Baroja's most important work lies in the four series of novels of the Spanish life he lived, in Madrid, in the provincial towns where he practiced medicine, and in the Basque country where he had been brought up. The foundation of these was laid by _El Arbol de la Ciencia_ ("The Tree of Knowledge"), a novel half autobiographical describing the life and death of a doctor, giving a picture of existence in Madrid and then in two Spanish provincial towns. Its tremendously vivid painting of inertia and the deadening under its weight of intellectual effort made a very profound impression in Spain. Two novels about the anarchist movement followed it, _La Dama Errante_, which describes the state of mind of forward-looking Spaniards at the time of the famous anarchist attempt on the lives of the king and queen the day of their marriage, and _La Ciudad de la Niebla_, about the Spanish colony in London. Then came the series called _La Busca_ ("The Search"), which to me is Baroja's best work, and one of the most interesting things published in Europe in the last decade. It deals with the lowest and most miserable life in Madrid and is written with a cold acidity which Maupassant would have envied and is permeated by a human vividness that I do not think Maupassant could have achieved. All three novels, _La Busca_, _Mala Hierba_, and _Aurora Roja_, deal with the drifting of a typical uneducated Spanish boy, son of a maid of all work in a boarding house, through different strata of Madrid life. They give a sense of unadorned reality very rare in any literature, and besides their power as novels are immensely interesting as sheer natural history. The type of the _golfo_ is a literary discovery comparable with that of Sancho Panza by Cervantes.

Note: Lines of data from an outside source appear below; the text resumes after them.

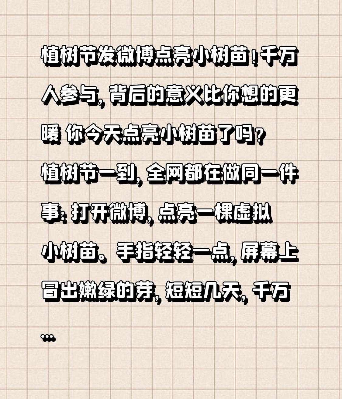 植树节发微博点亮小树苗!千万人参与,背后的意义比你想的更暖 你今天点亮小树苗了吗? 植树节一到,全网都在做同一件事:打开微博,点亮一棵虚拟小树苗。手指轻轻一点,屏幕上冒出嫩绿的芽,短短几天,千万网友参与,满屏都是生机勃勃的绿色。 很多人以为,这就是个简单的线上小游戏,点一点图个热闹。但你知道吗?你点亮的每一棵虚拟树苗,背后都对应着现实里真真切切种下的树! 这不是噱头,是实实在在的公益。平台联合公益组织,网友每点亮一棵,就会在沙漠、荒山、水土流失的地方,种下一棵真树。可能是梭梭,可能是沙棘,可能是侧柏。你在屏幕前的一次随手参与,就为地球添了一抹真实的绿。 本来以为只是凑个节日氛围,没想到转折来了—— 有人说:“我每天都点亮,坚持一年了,没想到真的有树因为我活下来。” 有人晒出自己的“种树证书”,骄傲得像拿到奖状; 还有人带着孩子一起点亮,告诉孩子:“你看,我们也在保护地球。” 更暖的是,很多人从“随手点一点”,变成了“每天必做”。不是为了奖励,不是为了排名,而是慢慢明白:环保从来不是大事,而是每个人的小事。 以前总觉得,种树要去野外,要扛铁锹、挖大坑,离自己很远。现在才发现,环保可以很简单:少用一个塑料袋,节约一杯水,点亮一棵小树苗,都是在为地球出力。 千万人的微光,聚在一起就是一片森林。你点亮的不只是一棵虚拟树苗,更是一份希望,一份责任,一份对未来的温柔。 沙漠会变绿,荒山会发芽,空气会更清新,这一切,都藏在你每一次轻轻的点击里。 植树节不只是一天,而是提醒我们:爱地球,从每一天的小事开始。 今天,你点亮小树苗了吗?一起为绿色地球加油!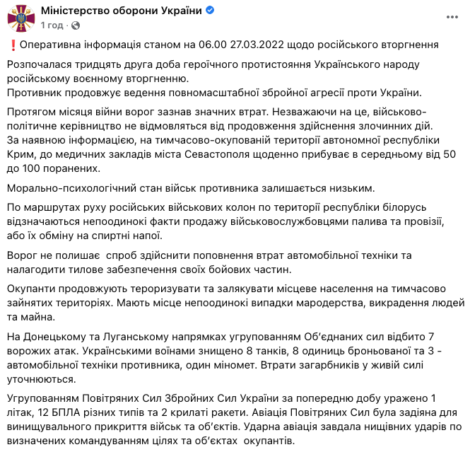 Сегодня, 27 марта, тридцать второй день продолжаются боевые действия в Украине. Читайте в нашем онлайне об обстановке в городах и на фронте.
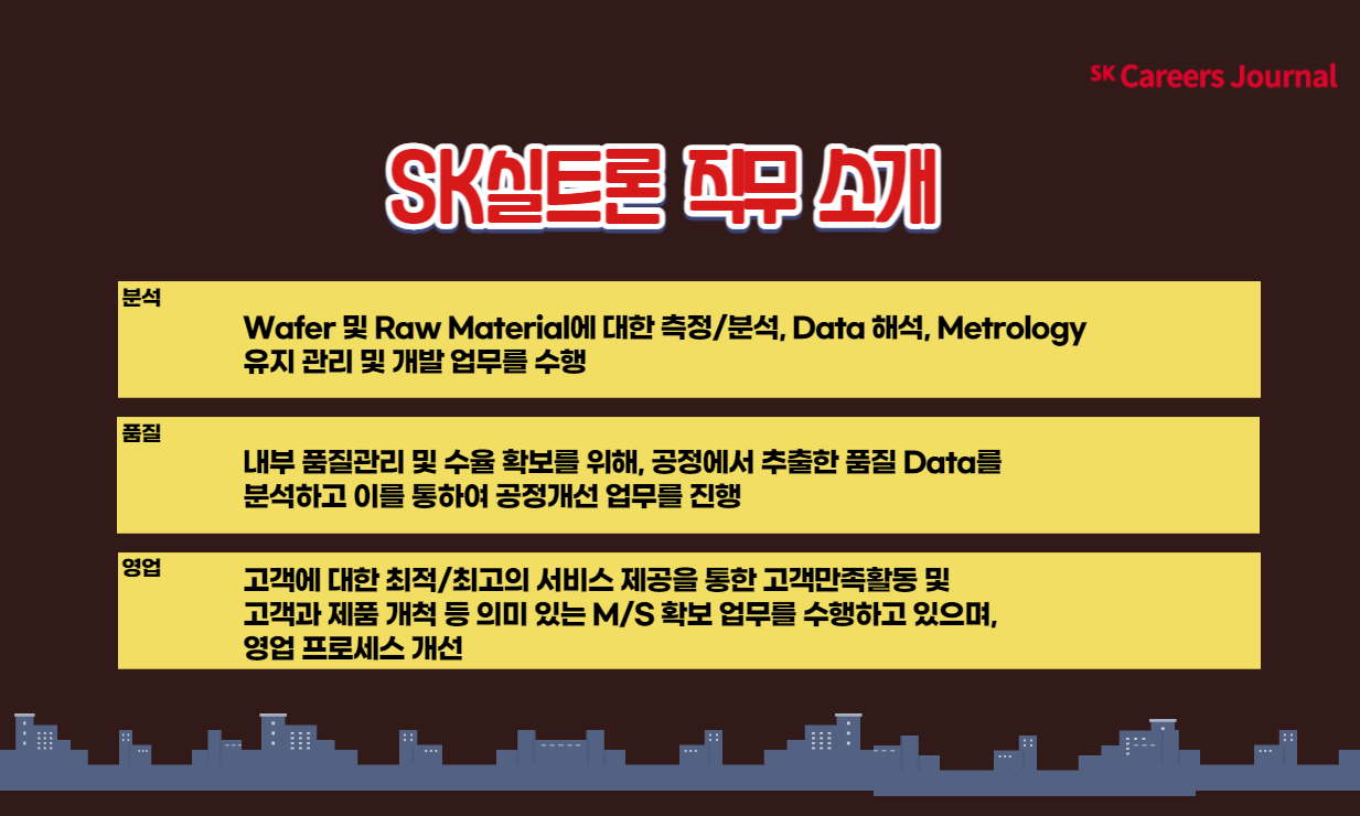 우선 SK실트론에 어떠한 직종이 있는지 여러분들께 간략하게 소개할 필요가 있다고 생각해요!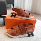 HM ELECTRIC CROCODILE MOTIF SANDAL CIDER CALFSKIN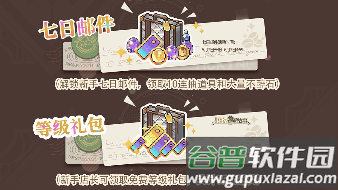 【七日邮件】完成新手引导及等级提升,累计登录七天可领取约35次抽卡机会和400不醉石;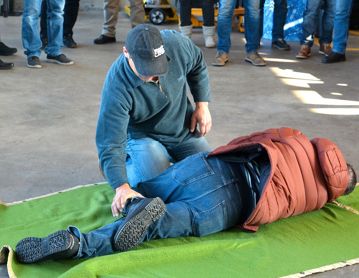 «Faites quelque chose, il y a une personne qui est au sol», a demandé la responsable de cours aux «secouristes» présents, qui se tenaient autour d’une personne apparemment inconsciente et peut-être blessée au sol. Il s’agissait de le (ou la) mettre en position latérale de sécurité. «Déterminez si cette personne respire, si elle répond, c’est-à-dire si elle vous entend. Parlez-lui, les personnes inconscientes entendent tout», dit-elle. «Tirez la tête en arrière pour dégager les voies respiratoires et enlevez les objets gênants, les lunettes ou le trousseau de clés par exemple». Bilan de cet exercice: il s’est avéré que la position latérale de sécurité n’était pas si facile à réaliser et que cela ne se fait pas sans un certain entraînement. Il faut également s’exercer à la désincarcération d’une personne prisonnière d’un véhicule accidenté. Dans ce cas, les poignées de sauvetage sont généralement utiles, mais pas pour les personnes très corpulentes ou pour celles qui se trouvent dans un camion accidenté: il faut alors plusieurs sauveteurs pour procéder à cette opération. Important: «Fouillez minutieusement le véhicule, car il pourrait y avoir d’autres personnes à l’intérieur.»

Nothing that Baroja has written since is quite on the same level. The series _El Pasado_ ("The Past") gives interesting pictures of provincial life. _Las Inquietudes de Shanti Andia_ ("The Anxieties of Shanti Andia"), a story of Basque seamen which contains a charming picture of a childhood in a seaside village in Guipuzcoa, delightful as it is to read, is too muddled in romantic claptrap to add much to his fame. _El Mundo es Asi_ ("The World is Like That") expresses, rather lamely it seems to me, the meditations of a disenchanted revolutionist. The latest series, _Memorias de un Hombre de Accion_, a series of yarns about the revolutionary period in Spain at the beginning of the nineteenth century, though entertaining, is more an attempt to escape in a jolly romantic past the realities of the morose present than anything else. _Cesar o Nada_, translated into English under the title of "Aut Caesar aut Nullus" is also less acid and less effective than his earlier novels. That is probably why it was chosen for translation into English. We know how anxious our publishers are to furnish food easily digestible by weak American stomachs.

It is silly to judge any Spanish novelist from the point of view of form. Improvisation is the very soul of Spanish writing. In thinking back over books of Baroja's one has read, one remembers more descriptions of places and people than anything else. In the end it is rather natural history than dramatic creation. But a natural history that gives you the pictures etched with vitriol of Spanish life in the end of the nineteenth and the beginning of the twentieth century which you get in these novels of Baroja's is very near the highest sort of creation. If we could inject some of the virus of his intense sense of reality into American writers it would be worth giving up all these stale conquests of form we inherited from Poe and O. Henry. The following, again from the preface of _La Dama Errante_, is Baroja's own statement of his aims. And certainly he has realized them.

"Probably a book like _la Dama Errante_ is not of the sort that lives very long; it is not a painting with aspirations towards the museum but an impressionist canvas; perhaps as a work it has too much asperity, is too hard, not serene enough.

"This ephemeral character of my work does not displease me. We are men of the day, people in love with the passing moment, with all that is fugitive and transitory and the lasting quality of our work preoccupies us little, so little that it can hardly be said to preoccupy us at all."